While the Utah Labor Commission has not announced plans to roll back restrictions on child and teenage labor, there have been recent violations by three Utah companies for breaking federal and state child labor laws.
Last year, 11 Crumbl Cookies locations were found guilty of letting children 10 to 14 years of age work more hours than what is federally legal. A restaurant supply store in Salt Lake City was also found guilty of a similar matter, incurring a $17,000 penalty.
Additionally, the Utah-based soda and dessert chain Sodalicious was investigated and found guilty of permitting teens as young as 14 to work past federally restricted hours on school nights.
The U.S. Department of Labor, which investigated those three violating entities, found a 37% national increase in the number of minors whose employment has violated federal labor laws in some way since 2021, according to the Economic Policy Institute.
It’s no coincidence that the three employers found guilty of violating child labor laws in Utah were operating in the food service and retail industries. Knold was able to confirm that, in Utah, the majority of teenagers get their first jobs in the service industry.
But what if a teen worker has other plans besides flipping burgers or stocking shelves? According to Knold, experience in the working world supplements a teen’s academic career rather than detracting from it.
“[With a job], you can show a skill set, you can show a work history, and [you can] also understand what the workplace is like compared to … the school environment,” Knold explained.
“There’s no re-doing a test or getting credit for turning in late homework [in the working world],” Knold added. “That’s not how the working and business communities operate. So, you get that knowledge and experience in terms of what it will take to succeed in the workforce.”
17-year-old Sam Kinghorn, a senior at Skyline Valley High School, started working at the Chick-fil-A in Salt Lake City’s Sugarhouse neighborhood last May. While Kinghorn was initially motivated to work by the prospect of saving his own money, he said he has found that the experience of working in a fast-paced restaurant environment has reinforced a sense of responsibility.

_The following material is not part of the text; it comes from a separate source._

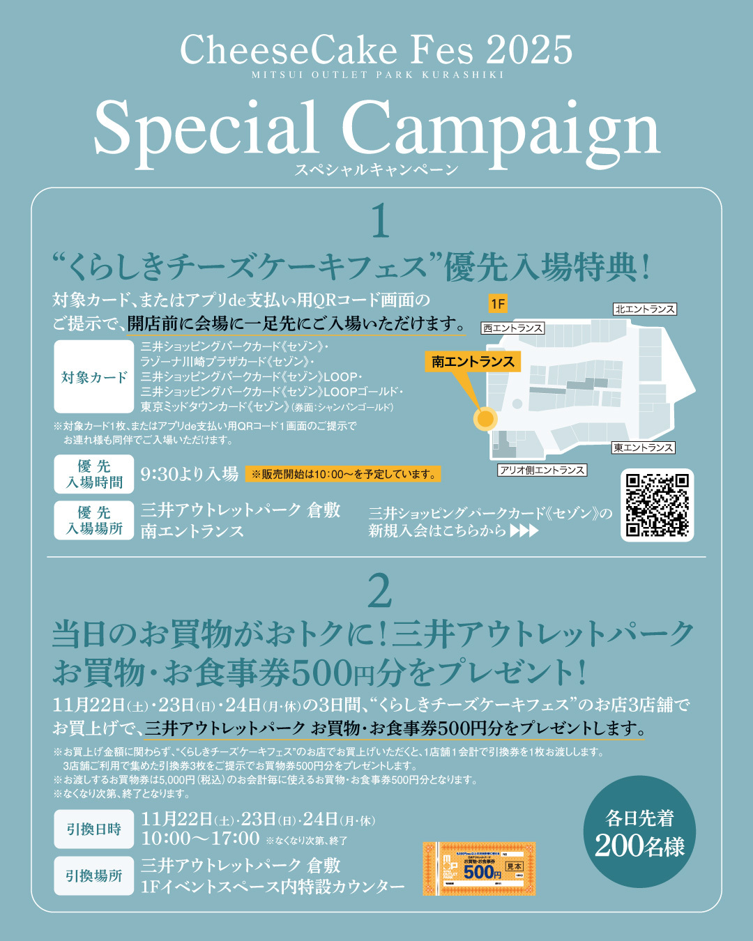 11月22日(土)・23日(日)・24日(月・休)の3日間、くらしきチーズケーキフェスのお店3店舗でお買上げいただくと、三井アウトレットパークお買物・お食事券500円分をプレゼントいたします♪

“One thing I’ve learned is [to be] responsible for your actions in the workplace,” Kinghorn said, “especially in a fast food working environment [where] everything is so fast paced [and where] you have to make sure everything’s accurate…”
While limits on the number of hours teenage employees can work per week at Chick-fil-A exist, and which decrease during the months that school is in session, Kinghorn has found the environment to be conducive not only to customer service but team building as well.
Kinghorn described how many of his Chick-fil-A coworkers have flocked from surrounding neighborhoods, some coming from as far as Bingham High School in South Jordan. And they’ve mostly all stuck around.
“They’ve all decided to come here because they wanted the work experience,” Kinghorn said. “And once they’ve been able to connect with all of their coworkers, they don’t want to leave.”
This was especially important for Kinghorn when the COVID-19 pandemic swept Utah, which occurred around the same time as his transition from middle to high school.
“It was really hard for me to talk to people,” Kinghorn said of the effect of the social distancing he experienced. “So, getting this job, where I’m constantly communicating with other people, has really helped.”
When he’s not traveling with family, Kinghorn works 40 hours per week at Chick-fil-A during the summer. However, during school months, the state requires that he step it down to 20 hours per week. He works these hours consistently, he said.
Meanwhile, Kinghorn has some coworkers who are 14 and 15. They can only clock up to two and a half hours on any given day that they work.
Kinghorn and his fellow chicken enthusiasts share much in common with the rest of Utah teenagers. Many have jobs, and those who do work — within the state and federally regulated hours for their age — are able to find practical ways to excel and experience life outside of a classroom.
“This is where I want to learn and keep my life going,” Kinghorn said.